In an earlier post I introduced tiling desktops a.k.a tiling window managers whose notable feature is to make maximum use of screen estate. This post is about how to make Openbox always open maximised windows.

Just in case, make a backup of Openbox main configuration file .config/openbox/rc.xml. This is the file that needs some editing.

Open up the rc.xml and find the section <applications>. This must be a major section, not a command concerning a specific application.

In that section, insert:

  <application class="*">           <decor>no</decor>            <maximized>yes</maximized> </application>     <application type="dialog">         <decor>yes</decor>        <maximized>no</maximized> </application> 

The first codebit tells Openbox to maximise all windows and lose their decorations. If you want to keep the decorations, don’t use the <decor> tags.

The second codebit (beginning with the line containing “dialog”) tells Openbox to exempt dialogs from maximisation. This works for applications that have their dialogs and prompts properly codified as such. Not all of them are properly done. 

Additionally, you may want to exempt some specific apps from getting maximised. For example the messenger: 

  <application class="Pidgin">         <decor>yes</decor>        <maximized>no</maximized> </application> 

Note the class property in application tag. Mostly the ordinary application name fits into that property. Another possibility is to use the name property, which should be the text on the titlebar.

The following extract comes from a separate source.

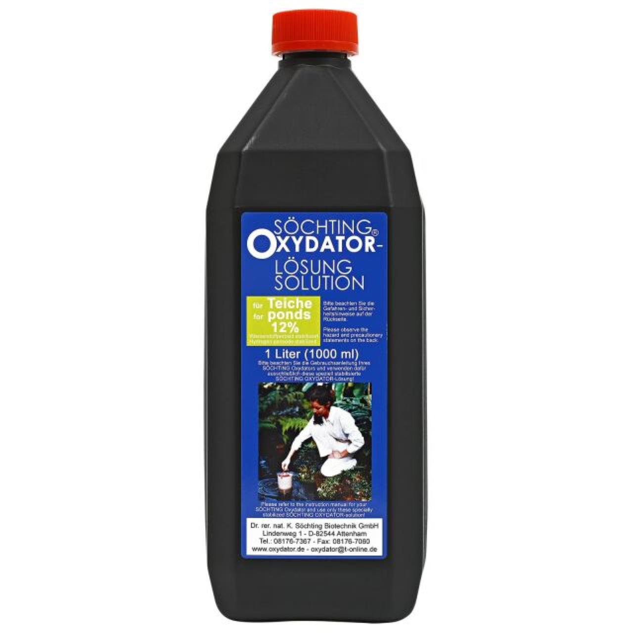 Die Söchting Oxydator Lösungen gibt es in unterschiedlichen Konzentrationen. Diese sind speziell stabilisiert und hergestellt für den ausschließlichen Gebrauch in Söchting Oxydatoren. Dies ist auf den Etiketten vermerkt und der Hersteller garantiert für den ordnungsgemäßen Betrieb der Oxydatoren auch nur bei Verwendung dieser Lösung. Bei der Anwendung der Wasserstoffperoxid-Lösung in einem Söchting Oxydator wird der Sauerstoff in das Wasser abgegeben und erhöht den Sauerstoffgehalt sowie das Redoxpotential des Wassers. Diese führt zu einer deutlichen Verbesserung der Wasserqualität.Vor Gebrauch bitte stets Kennzeichnung und Produktinformation lesen.

To assign class and name properties rightly, use the command-line tool obxprop which probably comes with every Openbox. It’s used as follows:

  1. In terminal, type obxprop and Enter (it as if stalls, let it be)
  2. Switch to the window whose class/name info you want – by keyboard shortcut, not with mouse
  3. Click on the window
  4. Turn back to the terminal and find the relevant class/name info to put into rc.xml

All necessary changes done, save rc.xml, run openbox --reconfigure and see the effect of the changes to your windowing.